(WHAT YOU NEED TO DO): One part of the entries below is wanted: the lines from the one containing "More than an" through the one containing "他第一时间将10万元奖金全额". Write those out exactly and nothing else.

═════ DATASET EXTRACT

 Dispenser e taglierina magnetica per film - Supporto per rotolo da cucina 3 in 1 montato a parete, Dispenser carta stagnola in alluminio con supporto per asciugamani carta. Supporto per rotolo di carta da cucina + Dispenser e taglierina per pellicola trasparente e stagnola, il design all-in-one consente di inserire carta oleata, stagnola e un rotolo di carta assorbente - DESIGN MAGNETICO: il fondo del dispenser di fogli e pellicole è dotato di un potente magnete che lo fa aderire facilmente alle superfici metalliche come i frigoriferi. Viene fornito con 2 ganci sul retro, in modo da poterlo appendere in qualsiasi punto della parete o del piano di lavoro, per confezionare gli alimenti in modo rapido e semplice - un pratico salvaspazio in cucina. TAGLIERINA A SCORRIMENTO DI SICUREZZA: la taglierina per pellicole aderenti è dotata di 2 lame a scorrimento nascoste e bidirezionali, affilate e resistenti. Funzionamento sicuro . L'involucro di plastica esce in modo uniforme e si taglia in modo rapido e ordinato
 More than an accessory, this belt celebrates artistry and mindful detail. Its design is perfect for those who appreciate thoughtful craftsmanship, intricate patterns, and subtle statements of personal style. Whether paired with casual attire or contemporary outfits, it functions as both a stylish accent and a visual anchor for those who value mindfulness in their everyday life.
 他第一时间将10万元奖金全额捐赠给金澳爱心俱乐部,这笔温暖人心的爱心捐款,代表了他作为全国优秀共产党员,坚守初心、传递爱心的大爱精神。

══════════
═════ DATASET EXTRACT

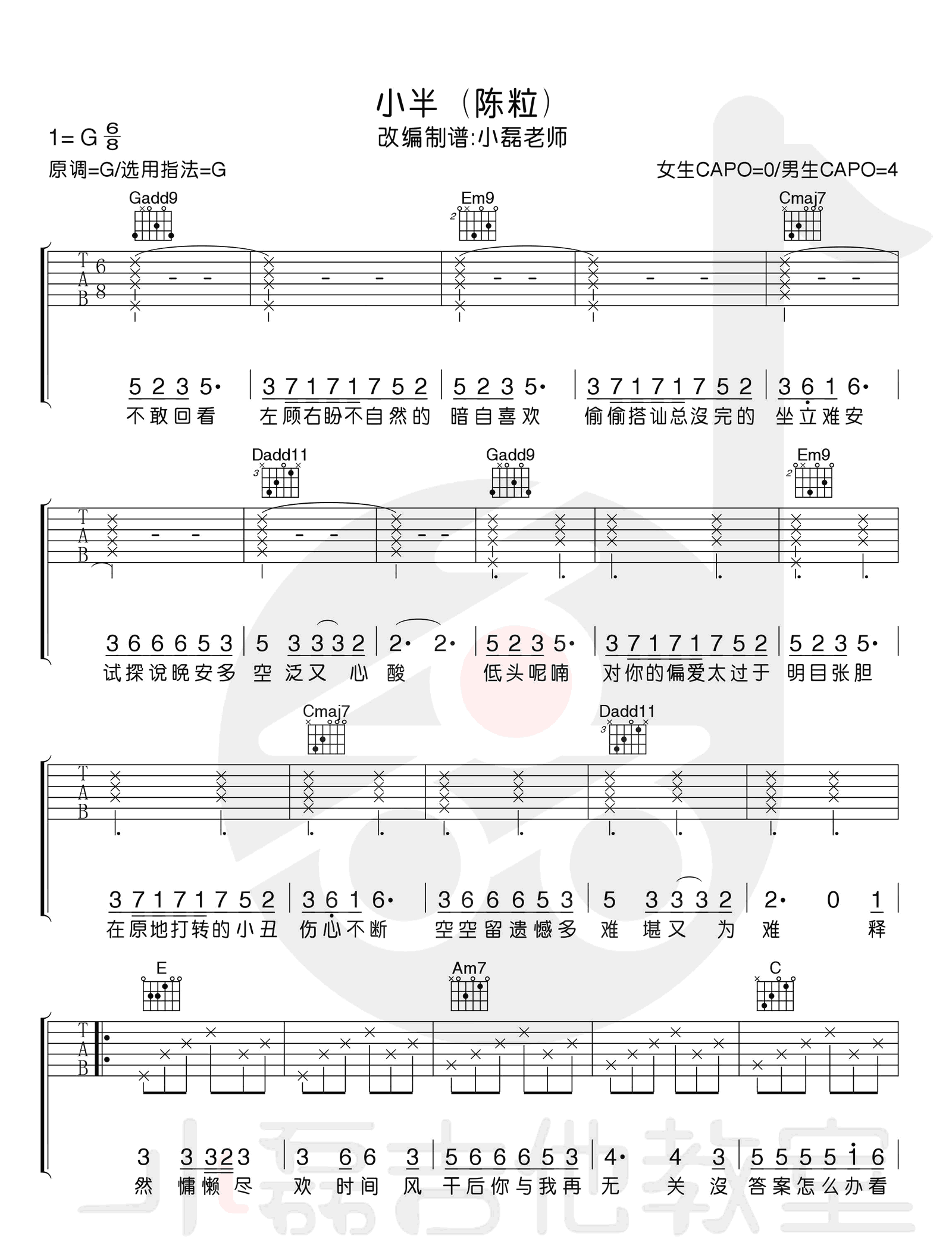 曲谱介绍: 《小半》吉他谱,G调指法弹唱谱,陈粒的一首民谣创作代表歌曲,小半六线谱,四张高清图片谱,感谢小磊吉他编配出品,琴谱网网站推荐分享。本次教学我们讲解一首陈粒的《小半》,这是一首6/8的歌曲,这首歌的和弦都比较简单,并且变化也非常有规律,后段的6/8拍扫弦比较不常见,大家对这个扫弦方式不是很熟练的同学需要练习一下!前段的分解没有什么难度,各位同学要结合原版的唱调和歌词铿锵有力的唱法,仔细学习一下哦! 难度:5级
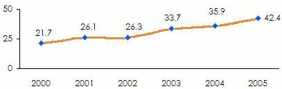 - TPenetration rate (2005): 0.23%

══════════
═════ DATASET EXTRACT

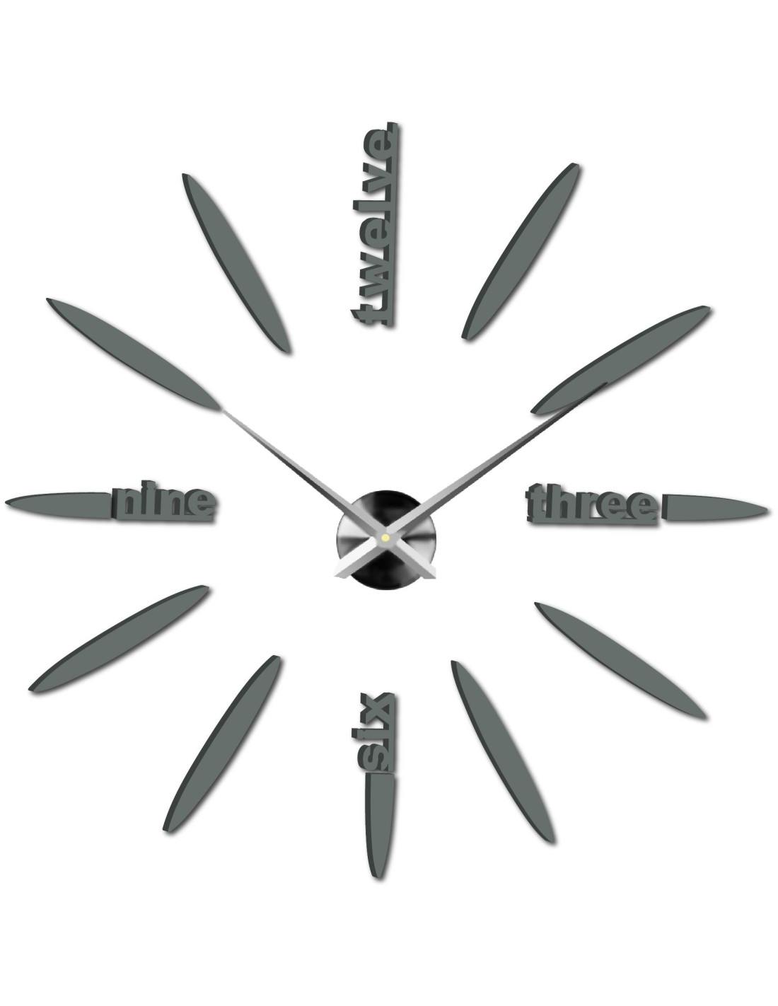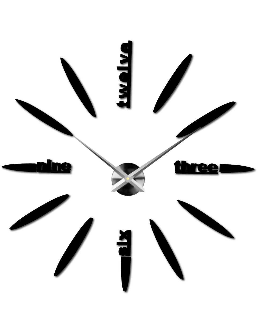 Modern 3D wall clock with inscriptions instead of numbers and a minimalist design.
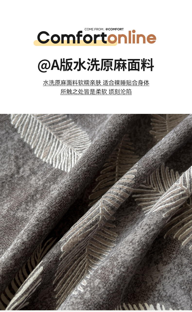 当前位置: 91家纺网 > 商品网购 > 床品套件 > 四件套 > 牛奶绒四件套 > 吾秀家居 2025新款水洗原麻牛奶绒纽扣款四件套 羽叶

══════════

(YOUR RESPONSE):
 More than an accessory, this belt celebrates artistry and mindful detail. Its design is perfect for those who appreciate thoughtful craftsmanship, intricate patterns, and subtle statements of personal style. Whether paired with casual attire or contemporary outfits, it functions as both a stylish accent and a visual anchor for those who value mindfulness in their everyday life.
 他第一时间将10万元奖金全额捐赠给金澳爱心俱乐部,这笔温暖人心的爱心捐款,代表了他作为全国优秀共产党员,坚守初心、传递爱心的大爱精神。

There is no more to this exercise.